Limited retries, exponential backoff

In practical settings, we don’t do unlimited retries. Instead, we fail after some fixed amount of attempts.

But this isn’t very helpful. Instead of spending $(N²), you end up spending $(N*retries), which is still a big number, AND your system fails (permanent transaction failures are never pretty). This behaviour tends to look like your system going away for a long period of time, resources scaling out crazily, your logs filling up with crap and failures, and your bills getting really big. Not fun.

Exponential backoff doesn’t help much either; I think it’s more helpful for the platform provider than the customer. The graphs above tend to spread out in time a bit more, and be a bit more concave, but not enough to help. It’ll make your algorithm take longer, and most likely you’ll still get permafails.

Both of these mechanisms help cushion blowouts, but don’t do anything to fix a poorly designed algorithm.

You can still use transactions

You can use transactions. They still have fundamental properties which you will absolutely need. And, you can use O(N²) algorithms.

But, you must keep N very small. Small like less than 10.

N < 10? Just use ‘em.

Here’s the situation for adding all transactions immediately, for some small values of N:

N = 3, efficency = 0.5
N = 5, efficiency = 0.33
N = 7, efficiency = 0.25

For small N, the level of waste is fairly tolerable in return for consistency where you need it.

Transactional Contention is a sometimes food

But you really have to be careful here. N needs to be constrained to always be small. If your N is “always less than 7”, say, you’ll go fine. If it is “usually less than 5, but might occasionally get much larger”, this wont be so good. You’re going to find those “occasionally” cases cause cost blowouts and failures. And at scale, “occasionally” tends to become “almost always, somewhere in your system”.

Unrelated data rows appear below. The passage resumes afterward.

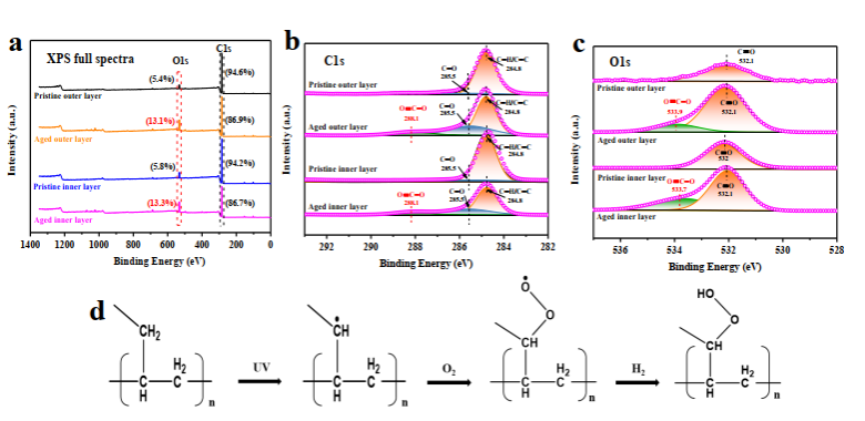 DFMs的XPS全谱图(a)、C1s谱图(b)、O1s谱图(c);DFMs在UV辐射下的老化机制(d)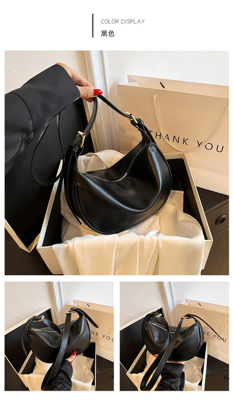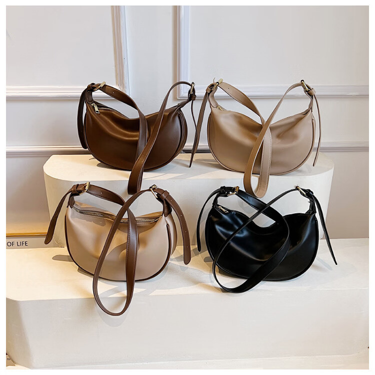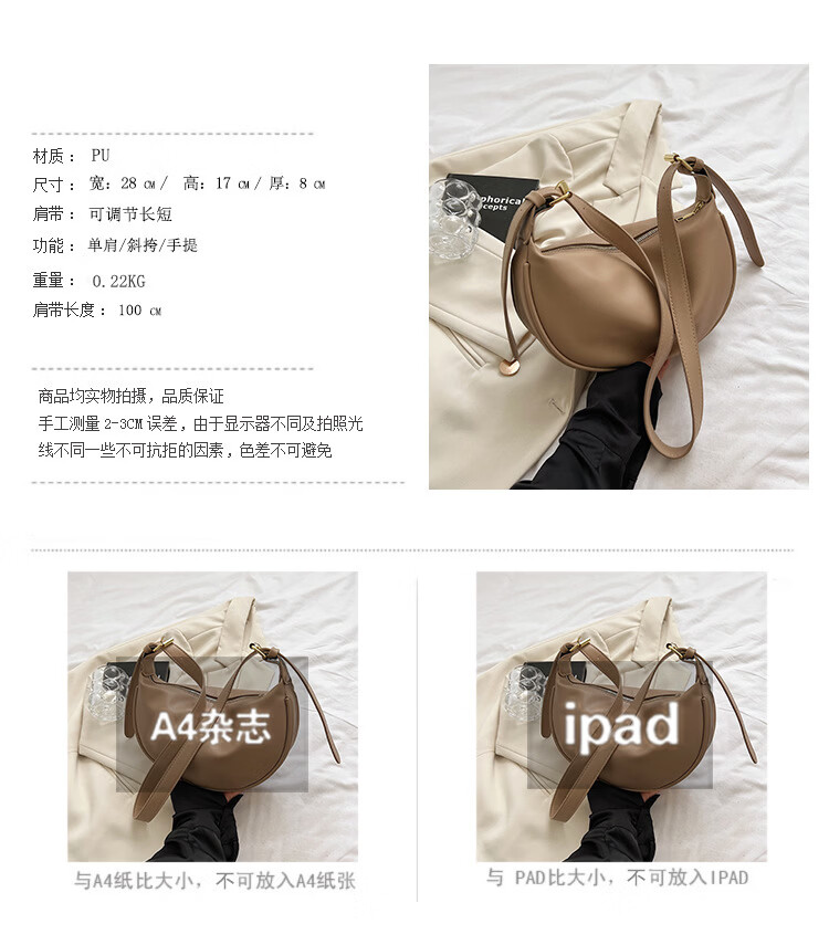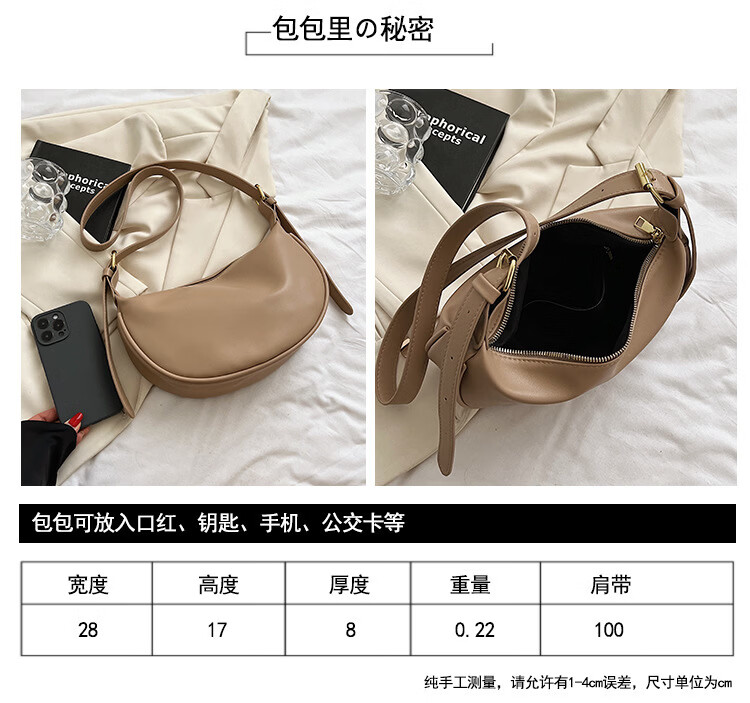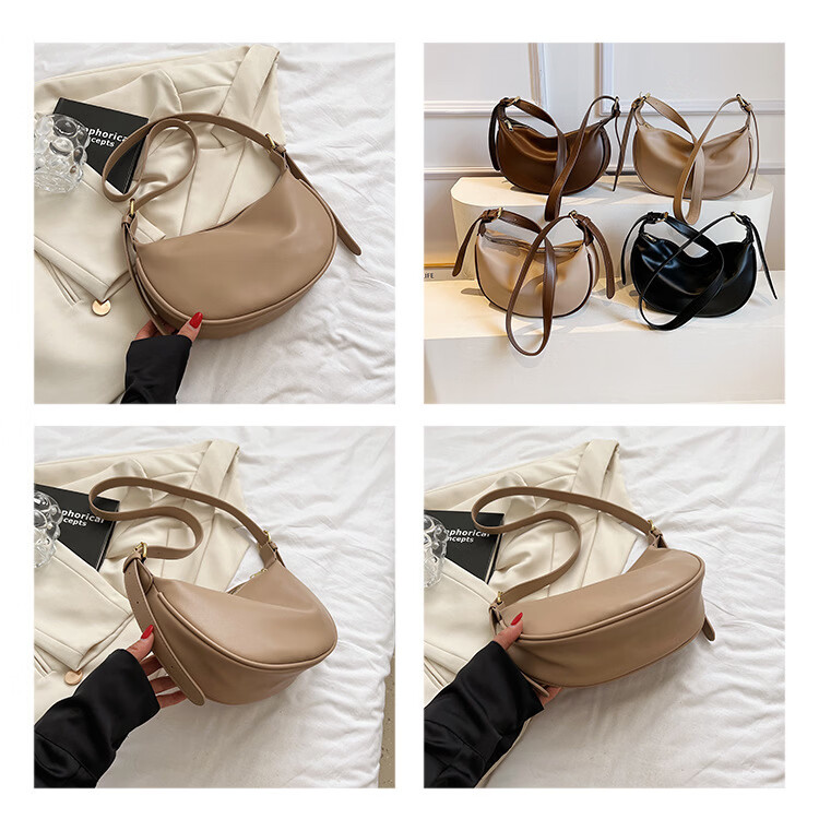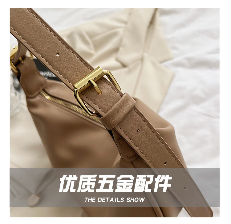 【优选】纯色单肩包包女2025新款网红简约单肩腋下包软PU斜挎包百 卡其配棕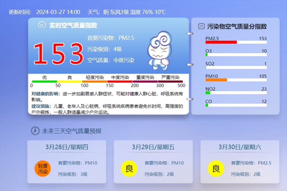 建議措施:兒童、老年人及心臟病、呼吸系統(tǒng)疾病患者避免長時間、高強度的戶外鍛煉,一般人群適量減少戶外運動。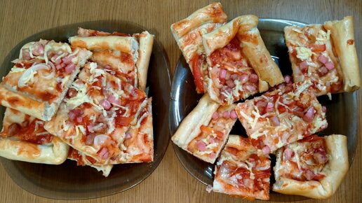 Готовые пиццу с ветчиной, ветчину у нас никто не ест. Пицца из неё получается вкусной.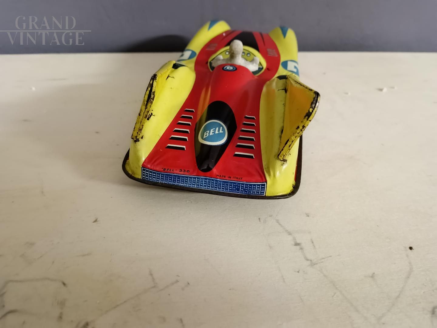 Bellissima macchinina di latta prodotta da Belloni Milano negli anni '60, nei colori giallo e rosso, presenta il simbolo della Ferrari e la scritta Bell 330, in perfette condizioni. Presenti il pilota e le pinne posteriori. Non ci sono ammaccature e i colori sono vividi e belli. Perfetto oggetto d'arredamento!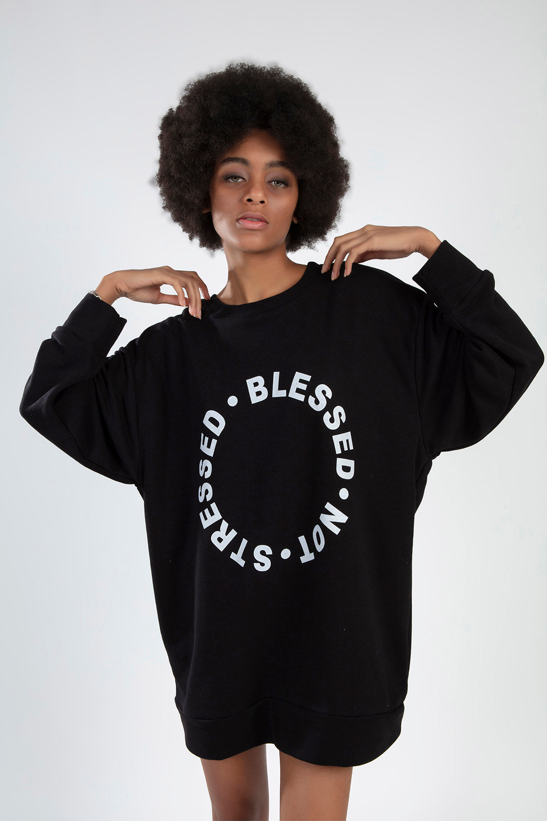 Ready to dominate your next OOTD? The Blessed Black Sweatshirt is the essential piece your wardrobe has been begging for. Designed with a relaxed, oversized silhouette and a bold circular graphic, this top delivers that high-end aesthetic without the designer price tag. Whether you are hitting the city streets or capturing content for the feed, this sweatshirt ensures you look as good as you feel. ✨

How do we constrain N to small numbers?

You’ll find that most algorithms for scaling systems are really trying to constrain N to a small constant. They have some transaction-like thing (a contested resource) with transaction-like semantics, or worse. An example of worse-than-transactions is where you overload a machine, and cause it to crash; if you’re lucky, your resilient system will kill and restart machines for you, but the cost/efficiency/speed of your system is going to make you weep.

One of the best techniques for constraining N is sharding.

Sharding is where we divide up a keyspace into smaller pieces (shards), and only require transaction coordination within each shard.

If we use adaptive sharding (or recursive sharding),

then we can split an unconstrained problem size down to pieces with constant small N, using a hierarchy to fan out over the whole space, then fan back in, combining results up to a single result.

In Summary

Transactions look like critical sections, and we can be tempted to use them as a panacea for contention issues. But they will spend your money at $O(N²), which is bad. You can and should use them, but you must constrain N to very small numbers, and to do this you’ll need sophisticated algorithms.

In future articles I’ll present some tools and techniques for doing this in Python App Engine apps, and keeping your code simple and tractable in the process.